Saumil Patel has a background in Computational Fluid Dynamics (CFD). His research interests include CFD, meshing techniques, high-order numerical methods, and high-performance computing. As a graduate student, Saumil worked with scientists in the Mathematics and Computer Science (MCS) division at ANL to develop NekLBM [1, 2] - a high-order CFD application that is derived from Nek5000. After graduating, he joined the Argonne Leadership Computing Facility (ALCF) as a post-doctoral appointee where much of his research was focused on developing numerical algorithms and workflows in Nek5000 to reduce time-to-solution for simulations which employ the Arbitrary Lagrangian-Eulerian (ALE) method . His work has been leveraged by domain scientists in academia and DOE labs to perform internal combustion engine (ICE) simulations.

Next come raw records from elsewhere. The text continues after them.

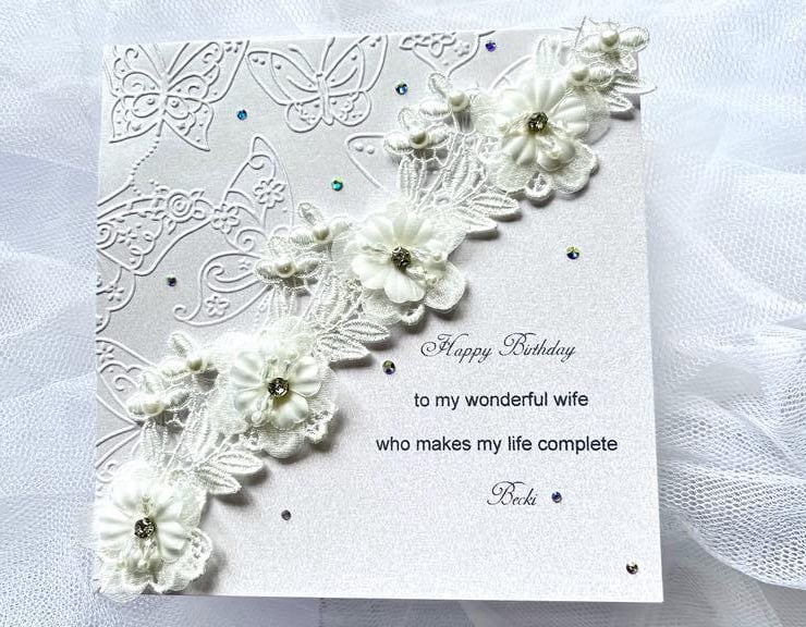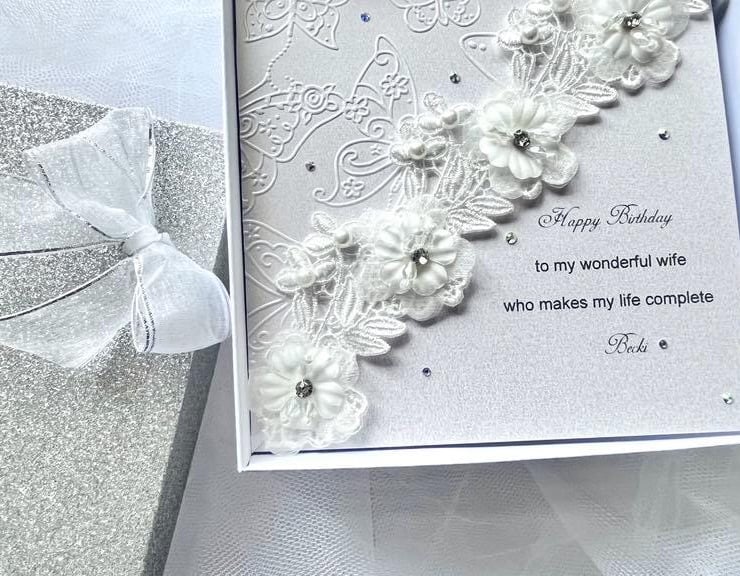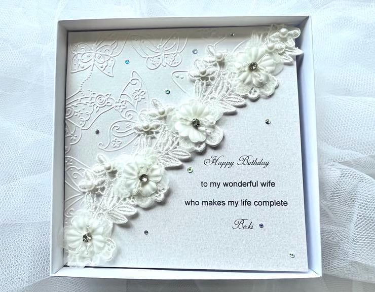 This lovely 3D birthday card is made with beautiful lace flowers. This original gift is unique and will be pleasant for anyone. Due to the 100% handmade products, you may receive vary slightly from the product. Viewing on your computer monitor may appear different than the actual colour of the products.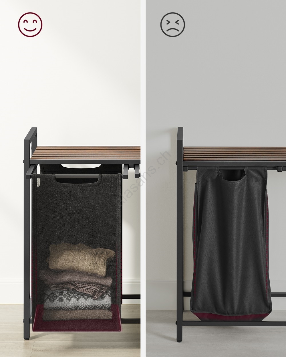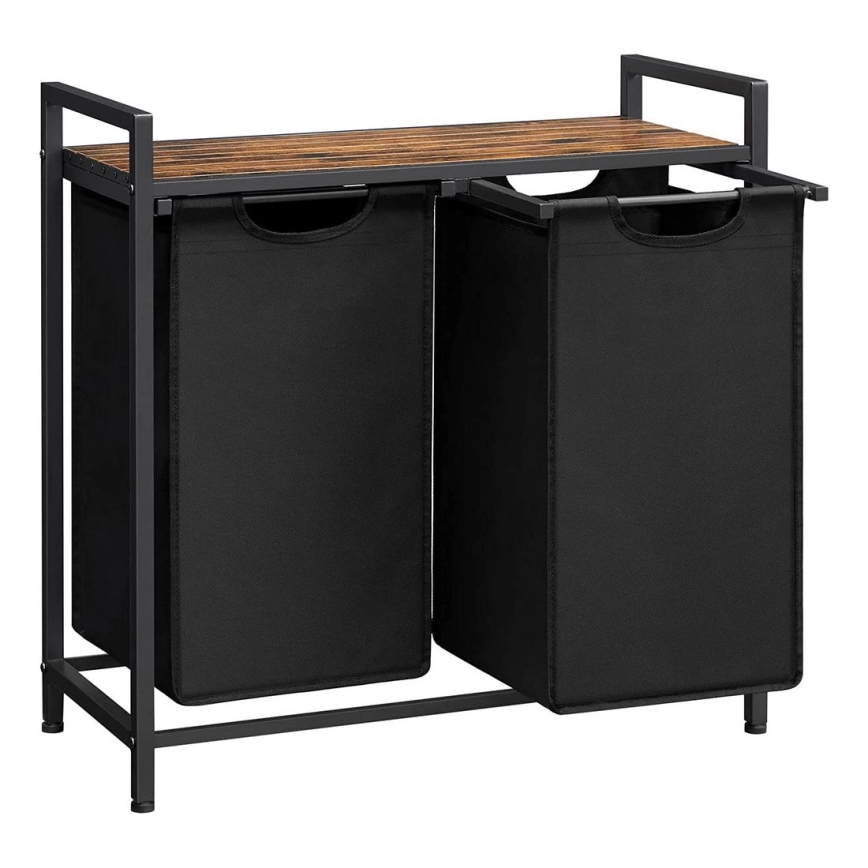 • 2 sacchi, 1 ripiano – Smista il bucato in due sacchi in tessuto (46 l per sacco) e riponi detergenti, ammorbidente e altri articoli sul ripiano.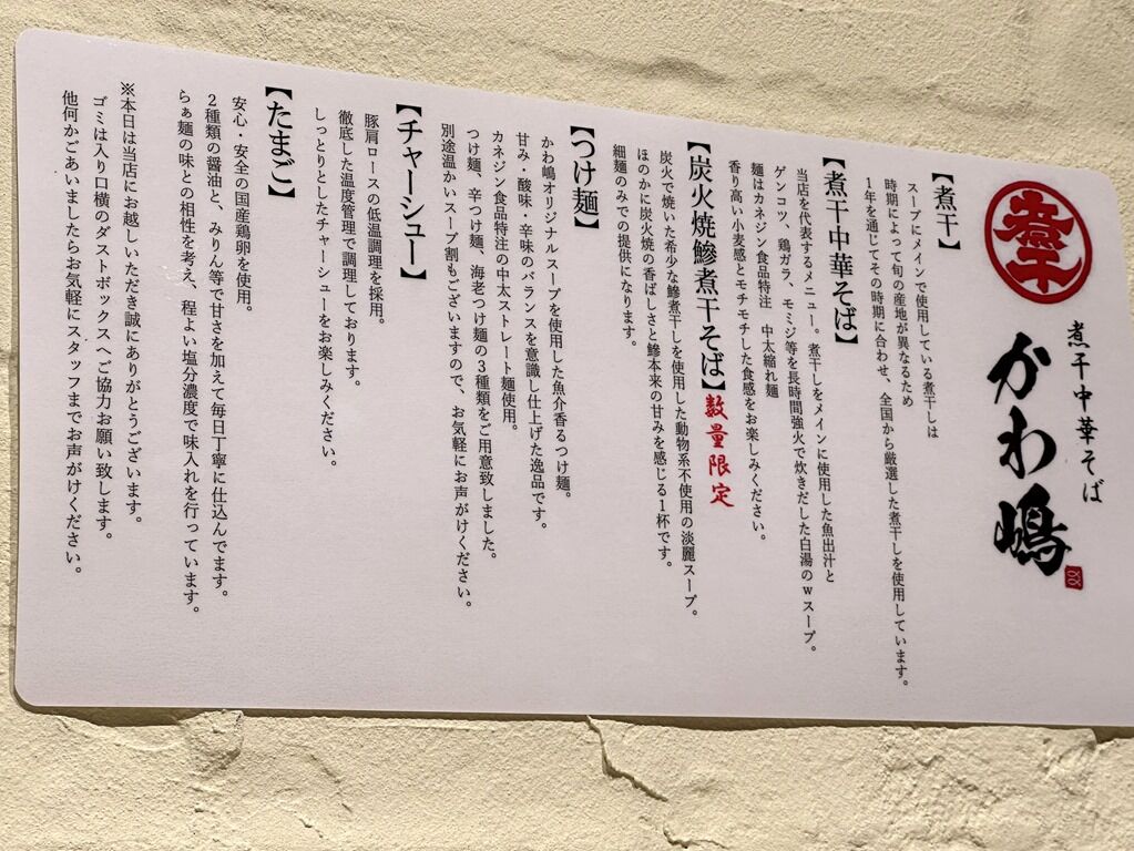 2024年5月20日、渋谷の新店「渋谷煮干中華そば かわ嶋」へ。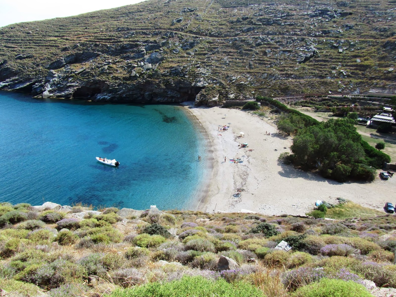 Πανέμορφη παραλία με βαθιά, καταπράσινα νερά. Βρίσκεται στην ανατολική ακτή του νησιού. Στο άκρο της παραλίας υπάρχει μια μεγάλη σπηλιά, ενώ ο βράχος "Μύτακας" προσφέρεται για βουτιές από ψηλά.
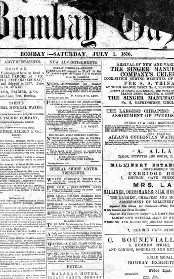 The Bombay Gazette, 1 July 1876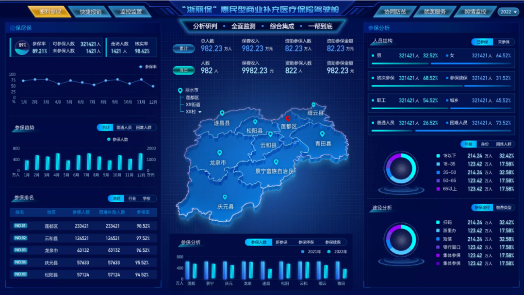 網(wǎng)新軟件承建的“浙里惠民?!表椖?,借助大數(shù)據(jù)、算法引擎等數(shù)字化技術(shù),對參保、報銷、監(jiān)控監(jiān)管、協(xié)同防貧就醫(yī)服務、輿情監(jiān)控等業(yè)務進行重塑,推動業(yè)務流程再造。通過聚焦群眾、企業(yè)、政府高頻需求,創(chuàng)建“1+2+6”數(shù)字化架構(gòu),即1個駕駛艙,浙政釘和浙里辦兩端應用,以及便利參保等6個場景應用,建立多跨協(xié)同聯(lián)動機制,協(xié)同機關(guān)單位、銀行保險、定點醫(yī)藥機構(gòu)等上千余家行政機關(guān)、企事業(yè)單位歸集538項數(shù)據(jù),形成551項指標體系,通過流程重塑、數(shù)據(jù)貫通,全面提升服務效能和治理效率。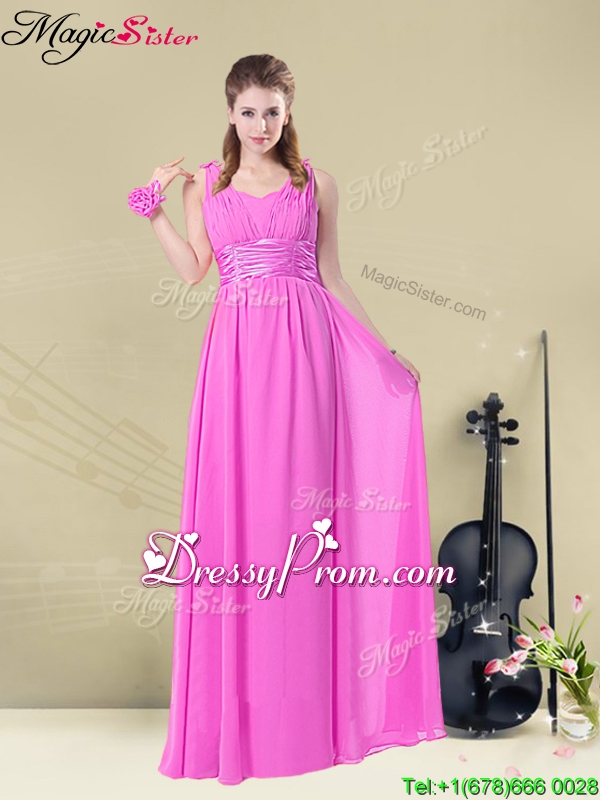 Neckline : V-neckShown Color : Rose Pink Silhouette : EmpireSleeve Length : sleevelessHemline : floor lengthBack Detail : Lace upFabric : ChiffonEmbellishment : Ruching,BeltOccasion : Prom,Formal Evening,Party,Homecoming,Graduation,Military BallSeason : Spring,Summer,Fall,Winter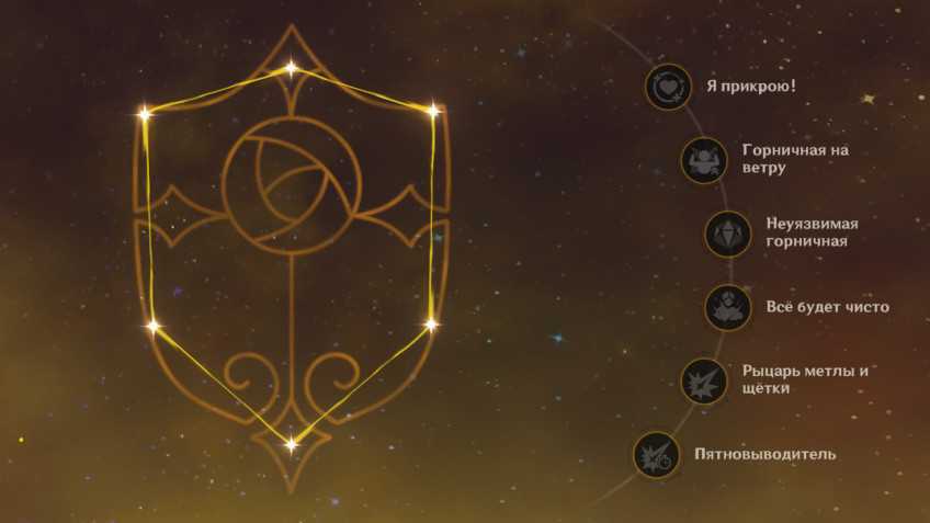 - Рыцарь метлы и щётки. Увеличивает уровень навыка Генеральная уборка на 3. Макс. ур.: 15.

Within CPS, Saumil is busy with multiple projects including: performing ICE simulations on Theta, enabling in-situ visualization and analysis for the Exascale Computing Project, and optimizing CFD applications for next-generation computing architectures. Saumil is also working with data scientists at ALCF to investigate ways CFD applications can leverage machine learning software (like TensorFlow) to reduce time-to-solution and improve existing physical models of the near-wall behavior.
Saumil received his Ph.D. in mechanical engineering from the Grove School of Engineering at the City College of New York (CCNY). Before that, he worked as private high school tutor - helping students with their physics and mathematics homework. In a previous life, he was an investment banker in New York City, NY.
 Patel, S., Min, M., Uga, K. C., & Lee, T. (2014). A spectral-element discontinuous Galerkin lattice Boltzmann method for simulating natural convection heat transfer in a horizontal concentric annulus.Computers & Fluids, 95, 197-209.
 M. Min and T. Lee, “A Spectral Element Discontinuous Galerkin Lattice Boltzmann Method for Nearly Incompressible Flows,” J. Comput. Phys. 230: 245-259 (2011)
 Patel, S., Fischer, P., Min, M., & Tomboulides, A. (2019). A characteristic-based spectral element method for moving-domain problems. Journal of Scientific Computing, 79(1), 564-592.